The Magic Quadrant for Enterprise Agile Planning Tools specifically targets tools which support the development of software through the use of agile methodologies. Rooted in iterative development and highly accelerated processes, the authors of Gartner’s piece consider that this type of approach drives the need for tools that support, among others:
- Frequent deliverables based on business outcomes
- Increased visibility into the flow of work
- Requirements captured from the user’s perspective, typically using epics and user stories
Gartner defines a set of inclusion and exclusion criteria, amongst which we can find:
- A minimum revenue of 10 million dollars, or the local currency equivalent
- A minimum of two customers, 500 or more licensed users
- General availability to the customers who are not in beta or any other type of limited releases
- The vendor providing services like support and training
- The Product needs to support at least two key use cases
- Mandatory support for multi-team projects, cross-project and portfolio dependency tracking and reporting, and portfolio-level backlogs
- Mandatory cloud support and the availability of on-premise at the customer’s option.
- RESTful integration API
Gartner evaluates tools’ vendors by their "ability to execute" and by the "completeness of their vision" through the analysis of a variety of vectors. Data collected during the research is then used to position each one of the companies analysed into one of the four existing groups: Leaders, Challengers, Visionaries and Niche Players. The following picture shows how current players are performing in the market according to Gartner’s criteria:
On the other side, buying companies have to deal with different factors when it comes to an enterprise agile tool selection. Among these is the level of maturity of agile practices in the company. According to the authors of the study, "changing the development culture is still the most prominent challenge to agile adoption", reported as such in 81% of the cases.
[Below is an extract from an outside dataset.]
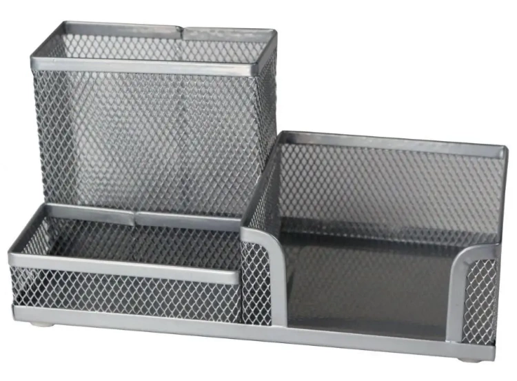 Przybornik na biurko siatkowy to doskonałe rozwiązanie dla osób, które cenią sobie porządek i estetyczny wygląd swojego stanowiska pracy. Wykonany z metalowej siatki, pokrytej lakierem o srebrnym kolorze, sprawia, że produkt prezentuje się niezwykle efektownie. Wymiary przybornika to szerokość 20 cm, wysokość 9,7 cm i głębokość 10 cm, dzięki czemu idealnie wpasuje się w przestrzeń każdego biurka. Dodatkowo, dzięki solidnym materiałom użytych do produkcji, przybornik jest wytrzymały i stabilny. Nie krępuj się i zadbaj o porządek na swoim biurku - z tym eleganckim, srebrnym przybornikiem na biurko siatkowym Titanum będzie to niezwykle proste!EAN: 5907437642146
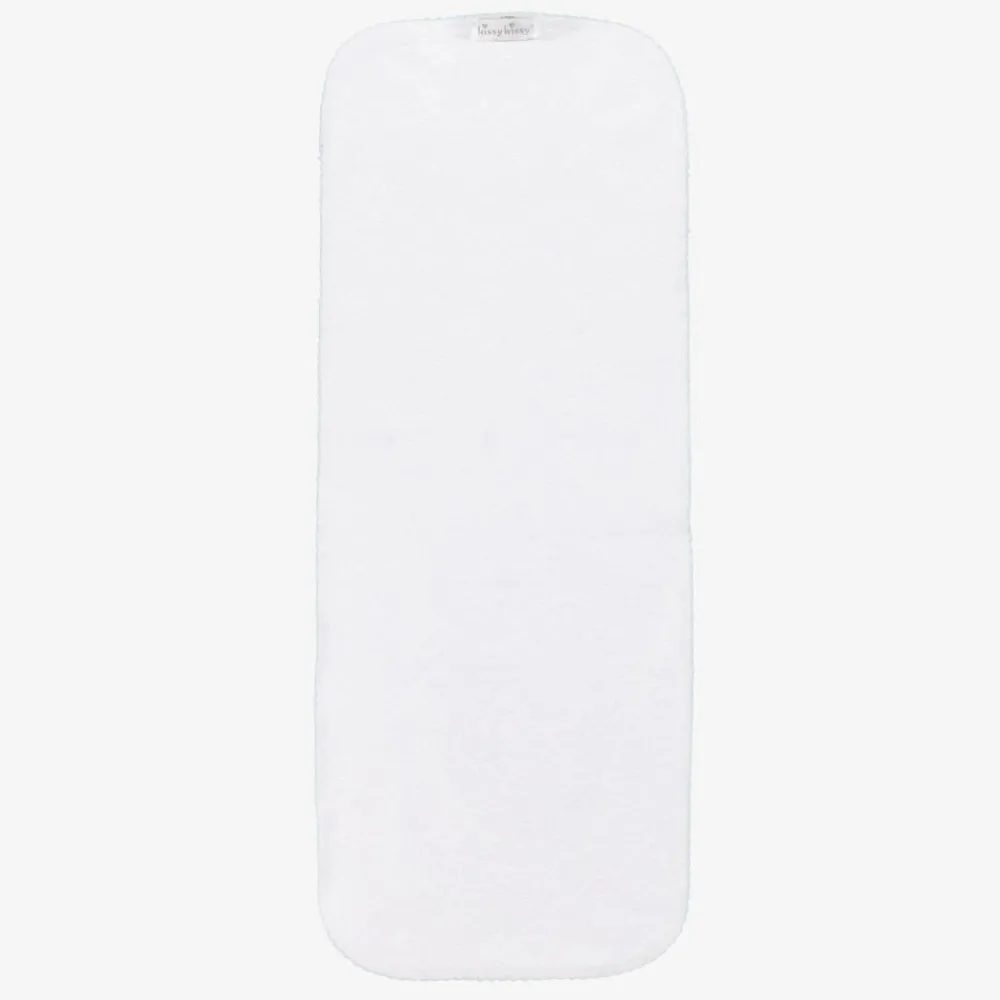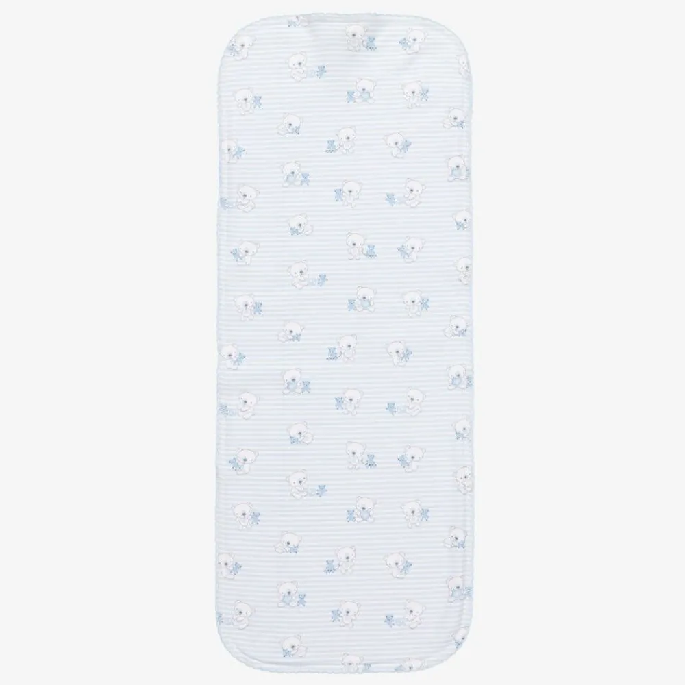Printed with a cute teddy bear pattern, this pale blue striped burp cloth for baby boys is by Kissy Kissy. Made from smooth Pima cotton with a neat picot trim, it has a soft towelling underside for extra absorbency. It can be used as a burping cloth or to mop up little spills.

The reasons most often cited by the users in support of their tool's choice are:
- Increasing product/project visibility (76% of reference customers cited this as a reason)
- Creating internal/external operational efficiencies (70%)
- Coordinating teams (70%)
- Driving practice adoption (69%)
- Improving business process outcomes (67%)
They also mention that:
Most organizations consider a number of tool providers when making their decision. The key decision factors are dominated by product functionality and performance, but product roadmap and future vision weigh in heavily along with overall cost.
The Magic Quadrant for Enterprise Agile Planning Tools, 2018, was published earlier this year and Gartner has recently made available a complimentary work on critical capabilities of EAP tools, in which they analyse several tools across a set of concrete use cases.